Sleeping with other people wasn’t something Maria was much used to. She had always had her own room. The strain of holding herself apart from the newcomer reminded her of the time she had shared a bed with her granny, long before her brother and sister were born. She had awoken, sticky with heat, her Bri-Nylon nightie clinging to her skin as if
she were ill. Granny had left the electric blanket switched on. It was cooking them both, releasing their juices as they baked. Granny’s smell was pink and musty, dried roses with an underlying crumbling damp, like the section of the pantry wall where the rain came in. Her own perfume was subtler. She had recognised it without quite being able to smell it. A sense of herself as other and separate and on her own had come to her then, and whenever the vision of this moment presented itself, that was the feeling that accompanied it. The clock tick-tocking out on the landing, and she alone and apart and delineated, on the high, hot bed. She must have been three years old. She had always thought this was her earliest memory but now, revisiting it, she sensed something older, more wordless, hidden lower down, as if tucked beneath. It was bright red, flapping in sunlight, a kite or a banner. As she reached, it flicked away.
Granny. Why had they left her with that woman who wasn’t, as it turned out, even her grandmother? I don’t like Granny, she used to think. Now she understood that it was Granny who didn’t like her.
Erstwhile granny, former granny, ex-granny. Ha! She would never again have to eat mutton and barley stew for tea on Thursdays.
Ex-Granny, of course, must have been in on the deception. The smugness of it. The perfidy. Maria had made her non-biological father, Barry, list them, all the people who knew. No one’s treachery was on a par with her mother’s.
‘I forgave her. Can’t you?’ Barry had said on one of his peace missions to her room, where she kept him on the threshold, barring his way.
‘What did you have to forgive her for?’ she had asked him and then she realised before he had thought of an answer. ‘For me,’ she had said. ‘You forgave her for having me, didn’t you?’

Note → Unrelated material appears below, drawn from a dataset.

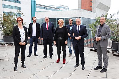 Bürgermeister Klaus Luger und Mitglieder des Linzer Fab City Konsortiums – Kathrin Obernhumer, Werner Arrich / beide GRAND GARAGE, Linz AG-Generaldirektor DI Erich Haider, Kunstuni-Rektorin Mag.a Brigitte Hütter sowie Kunstuni-Professor DI Johannes Braumann – freuen sich über den Beitritt von Linz im weltweiten Fab City Netzwerk.

The train was rattling through a tunnel. She lifted the crook of her elbow to her nose, pressing flesh against skin, but she couldn’t seem to detect her own unique scent, whatever made her her.
She awoke to pressure. She was on her back. The boy next to her must have inadvertently flung out his arm in his sleep. It lay across her thighs and had found its way underneath her coat, like a mole looking for its burrow. She picked the arm up gingerly by the sleeve as if it did indeed contain a small wild animal. The boy snored. She pushed the arm into the crack between them. The boy sighed a quivering sigh as if he were having a sad dream of loss.